Once again, we are left scratching our head because we forgot something. Maybe it was an appointment. Maybe we said we would do something for our kids. Maybe we forgot our best friend’s name. Whatever it was, it was meaningful or important, it was something we said we would do or something we should know. We feel terrible and we beat ourselves up because we forgot.
The aftermath of forgetting also has a familiar ring. When you’re asked about something you were to do, or someone refers to it, expecting it to already be done or for you to be familiar with it, you get that sinking feeling in the pit of your stomach as you think, “Oh no. I forgot again!”
You are left speechless, and all you can do is shrug your shoulders and sheepishly say, “I forgot.” Your body language communicates defeat. Maybe you make a joke about it as a way of coping and moving on.
What is behind those two words: “I forgot?” Saying these words, although completely accurate and not intended to be for this purpose, are a way of placing blame on your brain injury. You are telling people that it’s this “damn brain injury” that is responsible for your behavior. You are telling them this by your words, body language, facial expression, and voice inflection. Implied also in the words, “I forgot,” is the idea that if you hadn’t experienced a brain injury, this wouldn’t be happening.

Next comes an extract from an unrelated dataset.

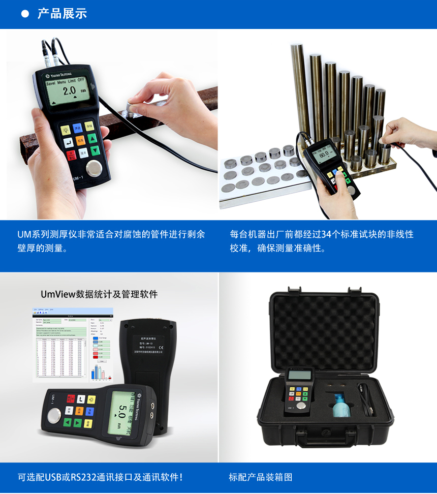| Standard Configuration: | UM-1 Thickness Gauge, standard probe, instrument case, two alkaline batteries, couplant, operating manual, certificate of conformity, packing list |

What we don’t realize is that these words, while intended for others, actually have the largest impact on us, because, by saying, “I forgot,” we end up recalling and dwelling in the past, accepting it as reality, and possibly embedding it into our future. In our minds, we sometimes surrender to the fact that our brain injury has caused us to be perpetual “forgetters”.
We get trapped in the past, brought back to the brain injury that changed our life and that won’t allow us to move forward.

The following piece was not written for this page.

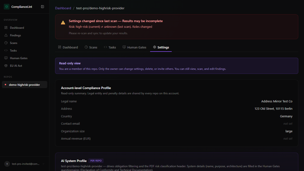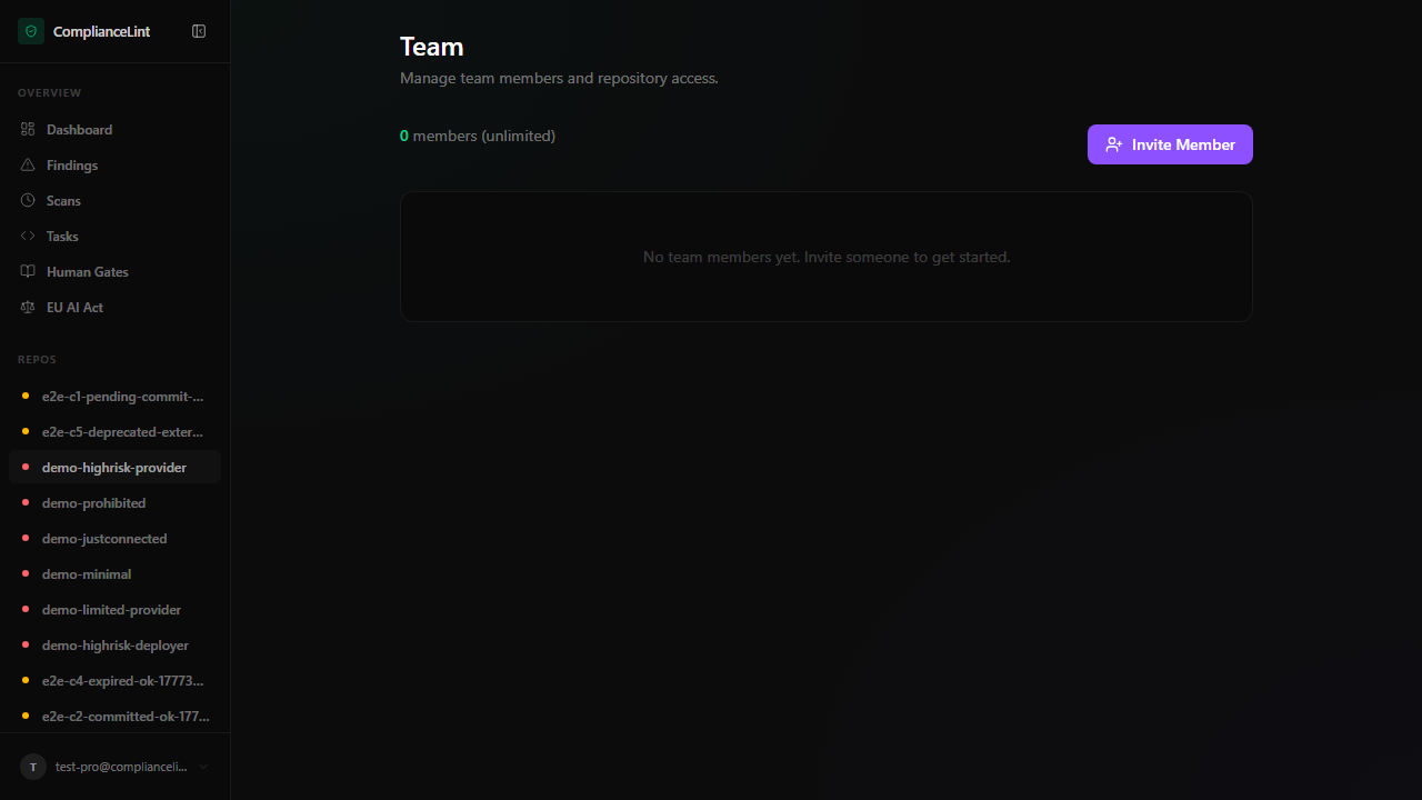 noreply@compliancelint.dev. If still missing, the OWNER can re-send from the Team page (Resend button on the pending-invite row). Also verify your account's email allowlist — corporate filters sometimes block first-contact from unknown SaaS senders. - Member can't fill a Human Gate questionnaire even though they have access — Human Gates Fill is gated by the OWNER's tier, not the member's. If the owner is Free or Starter, no one on the repo can fill — the dropzone shows "upgrade required". Owner needs Pro+ for the fill action to unlock for the whole team.

Trapped in the past we get depressed and lose hope.
So what are we to do or say? This is tough, because all we are doing is acknowledging the truth. How do we handle these situations, because they will keep on coming up and they are very difficult.

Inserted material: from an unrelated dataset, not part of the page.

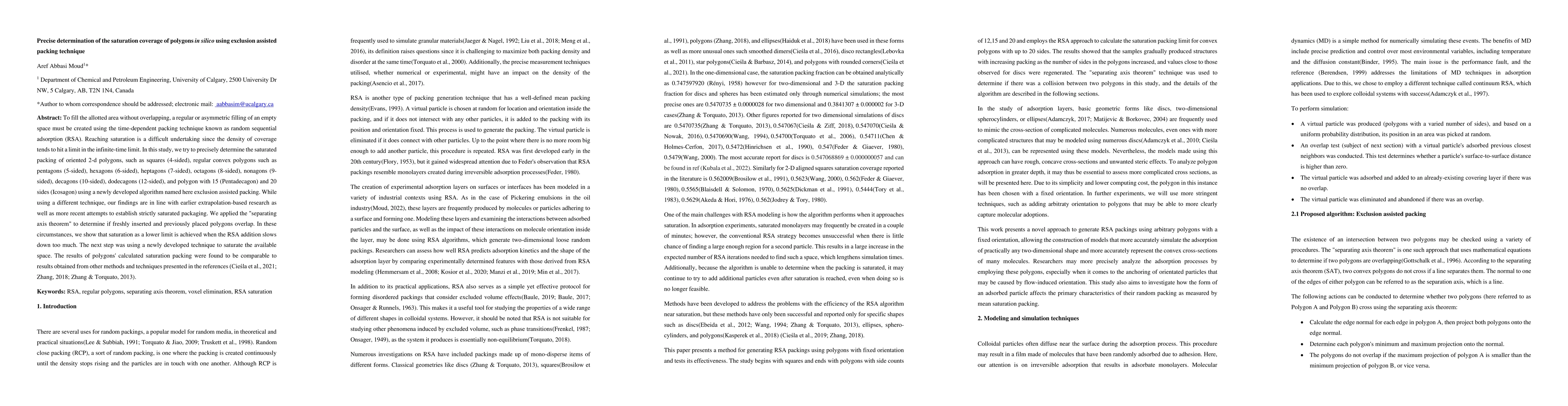 This paper examines the saturation coverage of various 2-D polygons using the random sequential adsorption algorithm, finding consistent results with previous studies. The study employs the separating axis theorem to prevent overlaps and defines saturation as the point where RSA addition slows excessively.

The first thing we need to do is to look at what we are trying to accomplish and how we would like to be in these type of situations so that we can move forward with some strength and dignity. We truly want to own up to our part, and want desperately to not feel as though we always have to be giving reasons for our behavior, but quickly, almost unconsciously responding with, “I forgot,” even though it is a perfectly true, may not be the answer.
You are going to forget things. Saying, “I forgot,” might be the right thing sometimes, but see if you can find a way to move past “forgetting” so it doesn’t become a way of being. Maybe you can, address how you are going to fix things, then move on and don’t dwell on the fact that you forgot.
Respond to it by saying, “I forgot,” if that’s what feels right, but don’t beat yourself up for it. Try not to make it symbolic of your whole life, post-TBI. Let it pass as easily as you can. Try not to make a funny remark about how you are always forgetting.
Although it is difficult, life after TBI needs to be about, “How do I move forward?”, not, “See what this brain injury has done to me?” That’s just not good for us. We want others to treat us with dignity, so we should treat ourselves with the dignity we deserve.
Whatever your response, it should be less about the past and assigning blame, and more about living in the present, while working to create a stronger future. Before you give that response, try and take a moment to think about how that response reflects on you as a human being. Treat yourself with the same dignity and respect you want others to treat you.